▶ YOUR ASSIGNMENT
When you reach the line with "Nun, das kommt" in the listing below, transcribe it and each line after it up to and including the line with "De acuerdo con", exactly and with nothing else.

▶ STUDY MATERIAL
━━━━━━━━━━
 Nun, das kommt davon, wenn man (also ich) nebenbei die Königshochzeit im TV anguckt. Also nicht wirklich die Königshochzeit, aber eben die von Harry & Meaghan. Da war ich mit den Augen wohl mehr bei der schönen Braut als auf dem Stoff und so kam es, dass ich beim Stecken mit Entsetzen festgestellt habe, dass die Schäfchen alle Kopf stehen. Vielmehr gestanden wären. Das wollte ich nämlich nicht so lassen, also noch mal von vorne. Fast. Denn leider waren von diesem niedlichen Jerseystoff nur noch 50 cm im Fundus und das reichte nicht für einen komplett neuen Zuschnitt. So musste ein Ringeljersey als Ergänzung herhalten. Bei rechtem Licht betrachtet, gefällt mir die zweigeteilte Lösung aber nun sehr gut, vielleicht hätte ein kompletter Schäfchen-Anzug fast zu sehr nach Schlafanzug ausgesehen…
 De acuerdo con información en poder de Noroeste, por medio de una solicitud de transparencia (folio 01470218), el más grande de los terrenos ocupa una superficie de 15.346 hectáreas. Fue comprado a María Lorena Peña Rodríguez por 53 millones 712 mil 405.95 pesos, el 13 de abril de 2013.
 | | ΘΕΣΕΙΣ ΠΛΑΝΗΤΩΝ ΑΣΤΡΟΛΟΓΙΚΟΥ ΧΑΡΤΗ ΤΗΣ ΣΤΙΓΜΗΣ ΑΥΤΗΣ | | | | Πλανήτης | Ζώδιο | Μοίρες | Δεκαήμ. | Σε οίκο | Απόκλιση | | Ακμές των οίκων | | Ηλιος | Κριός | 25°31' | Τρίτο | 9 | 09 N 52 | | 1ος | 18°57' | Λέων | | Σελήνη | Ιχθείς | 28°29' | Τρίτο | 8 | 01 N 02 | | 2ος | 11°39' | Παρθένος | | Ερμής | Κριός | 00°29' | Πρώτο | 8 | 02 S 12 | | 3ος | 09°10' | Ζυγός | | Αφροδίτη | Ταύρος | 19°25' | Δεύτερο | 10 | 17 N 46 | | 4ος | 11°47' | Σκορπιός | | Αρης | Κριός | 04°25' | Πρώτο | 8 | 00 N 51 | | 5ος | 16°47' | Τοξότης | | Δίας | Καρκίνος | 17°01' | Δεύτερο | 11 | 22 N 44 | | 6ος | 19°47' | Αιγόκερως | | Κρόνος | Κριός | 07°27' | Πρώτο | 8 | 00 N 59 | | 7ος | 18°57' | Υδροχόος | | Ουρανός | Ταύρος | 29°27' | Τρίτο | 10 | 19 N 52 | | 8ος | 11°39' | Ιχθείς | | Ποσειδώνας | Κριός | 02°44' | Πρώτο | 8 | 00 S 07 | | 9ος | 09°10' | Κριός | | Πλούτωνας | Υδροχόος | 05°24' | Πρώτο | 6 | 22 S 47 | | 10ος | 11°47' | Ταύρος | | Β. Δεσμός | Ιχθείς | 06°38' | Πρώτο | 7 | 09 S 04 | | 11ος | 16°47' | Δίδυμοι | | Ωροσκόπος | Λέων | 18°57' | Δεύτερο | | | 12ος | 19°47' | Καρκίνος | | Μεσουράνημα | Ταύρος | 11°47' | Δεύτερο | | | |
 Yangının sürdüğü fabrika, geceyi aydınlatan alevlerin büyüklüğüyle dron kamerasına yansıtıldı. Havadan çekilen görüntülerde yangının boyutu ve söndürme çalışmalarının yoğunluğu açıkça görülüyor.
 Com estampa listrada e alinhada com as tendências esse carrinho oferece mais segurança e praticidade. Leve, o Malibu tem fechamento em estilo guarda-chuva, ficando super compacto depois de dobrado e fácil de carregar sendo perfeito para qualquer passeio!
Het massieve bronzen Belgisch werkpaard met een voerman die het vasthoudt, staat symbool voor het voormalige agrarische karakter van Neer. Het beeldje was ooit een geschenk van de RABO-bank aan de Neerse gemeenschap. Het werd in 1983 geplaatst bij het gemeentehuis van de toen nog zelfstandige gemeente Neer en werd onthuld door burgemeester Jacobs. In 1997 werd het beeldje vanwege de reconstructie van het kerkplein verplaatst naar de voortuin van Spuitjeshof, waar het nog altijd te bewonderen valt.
━━━━━━━━━━
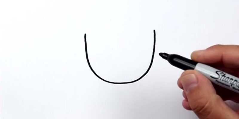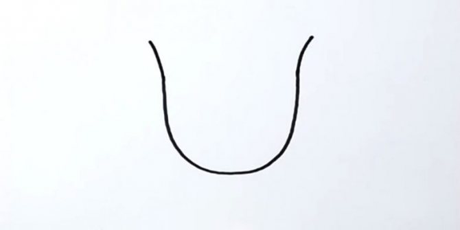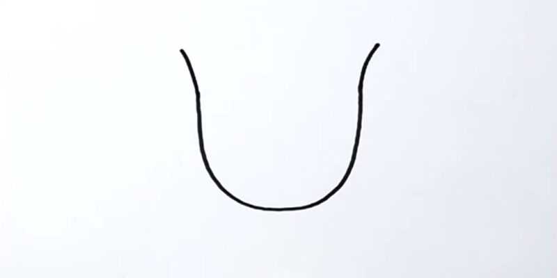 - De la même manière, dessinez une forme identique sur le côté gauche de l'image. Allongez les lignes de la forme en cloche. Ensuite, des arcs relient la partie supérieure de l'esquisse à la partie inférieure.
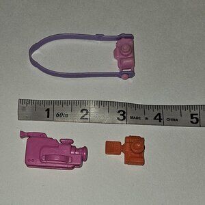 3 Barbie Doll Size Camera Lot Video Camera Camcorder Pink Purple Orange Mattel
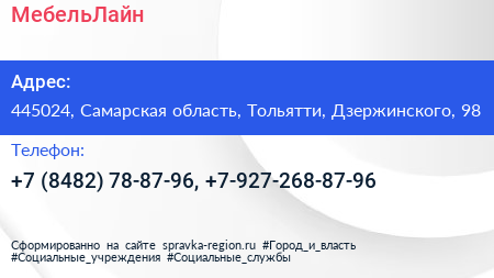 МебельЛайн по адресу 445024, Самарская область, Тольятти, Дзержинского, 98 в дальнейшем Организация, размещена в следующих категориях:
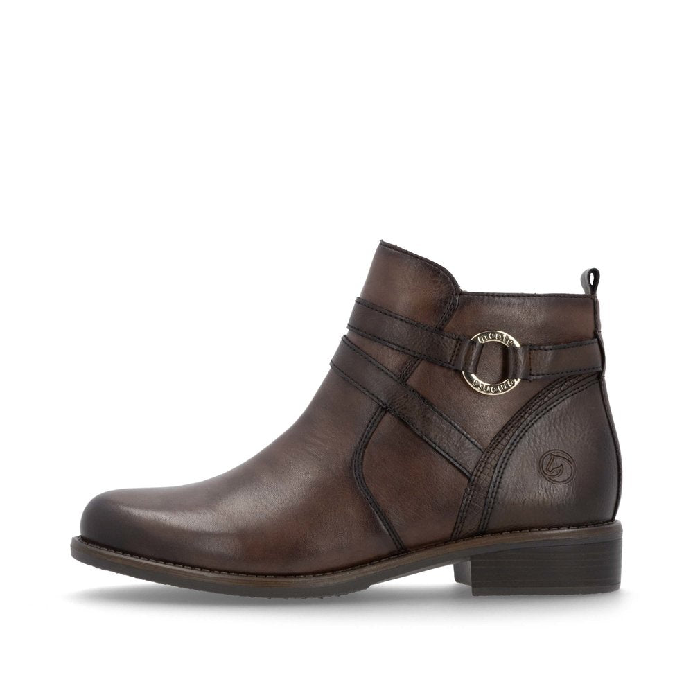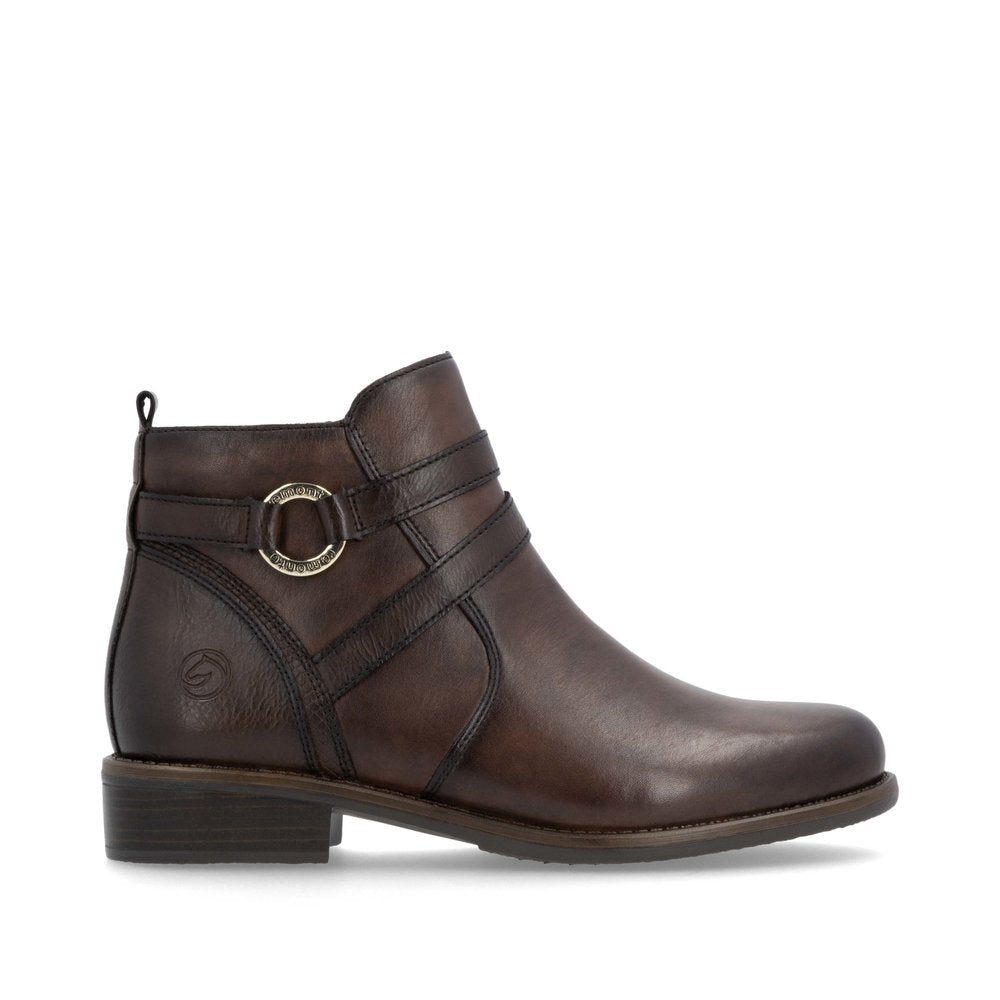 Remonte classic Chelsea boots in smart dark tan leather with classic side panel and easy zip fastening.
━━━━━━━━━━
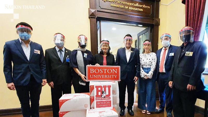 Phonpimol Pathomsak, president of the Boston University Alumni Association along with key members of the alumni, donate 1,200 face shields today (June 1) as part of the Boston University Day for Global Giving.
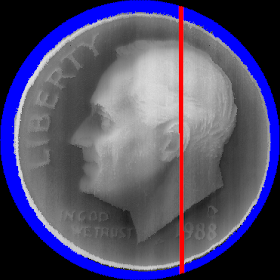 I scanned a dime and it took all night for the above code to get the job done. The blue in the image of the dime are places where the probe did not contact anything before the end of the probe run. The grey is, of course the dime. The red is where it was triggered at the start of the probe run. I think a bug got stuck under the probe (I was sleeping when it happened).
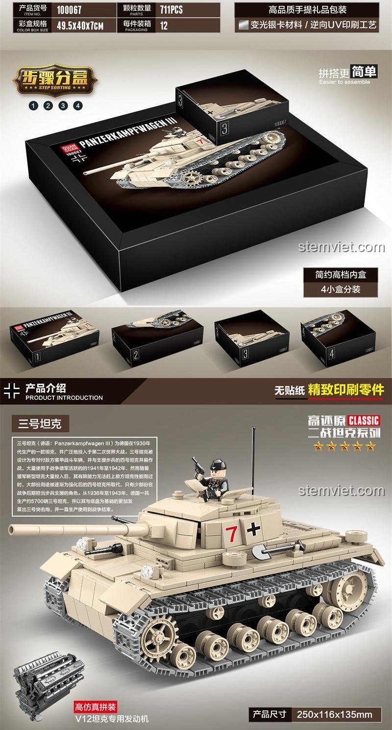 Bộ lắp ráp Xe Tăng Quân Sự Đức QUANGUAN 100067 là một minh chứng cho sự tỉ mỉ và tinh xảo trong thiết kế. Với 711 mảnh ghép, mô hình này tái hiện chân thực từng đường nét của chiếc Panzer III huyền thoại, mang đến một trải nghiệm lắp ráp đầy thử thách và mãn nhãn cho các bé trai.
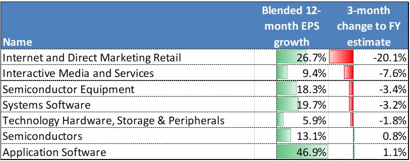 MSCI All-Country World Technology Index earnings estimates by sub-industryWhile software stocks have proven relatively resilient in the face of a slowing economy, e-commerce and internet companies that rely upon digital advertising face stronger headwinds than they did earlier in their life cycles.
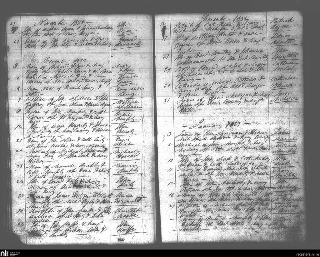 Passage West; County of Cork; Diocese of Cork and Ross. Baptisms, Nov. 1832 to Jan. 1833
━━━━━━━━━━
▶ EXPECTED ANSWER
 Nun, das kommt davon, wenn man (also ich) nebenbei die Königshochzeit im TV anguckt. Also nicht wirklich die Königshochzeit, aber eben die von Harry & Meaghan. Da war ich mit den Augen wohl mehr bei der schönen Braut als auf dem Stoff und so kam es, dass ich beim Stecken mit Entsetzen festgestellt habe, dass die Schäfchen alle Kopf stehen. Vielmehr gestanden wären. Das wollte ich nämlich nicht so lassen, also noch mal von vorne. Fast. Denn leider waren von diesem niedlichen Jerseystoff nur noch 50 cm im Fundus und das reichte nicht für einen komplett neuen Zuschnitt. So musste ein Ringeljersey als Ergänzung herhalten. Bei rechtem Licht betrachtet, gefällt mir die zweigeteilte Lösung aber nun sehr gut, vielleicht hätte ein kompletter Schäfchen-Anzug fast zu sehr nach Schlafanzug ausgesehen…
 De acuerdo con información en poder de Noroeste, por medio de una solicitud de transparencia (folio 01470218), el más grande de los terrenos ocupa una superficie de 15.346 hectáreas. Fue comprado a María Lorena Peña Rodríguez por 53 millones 712 mil 405.95 pesos, el 13 de abril de 2013.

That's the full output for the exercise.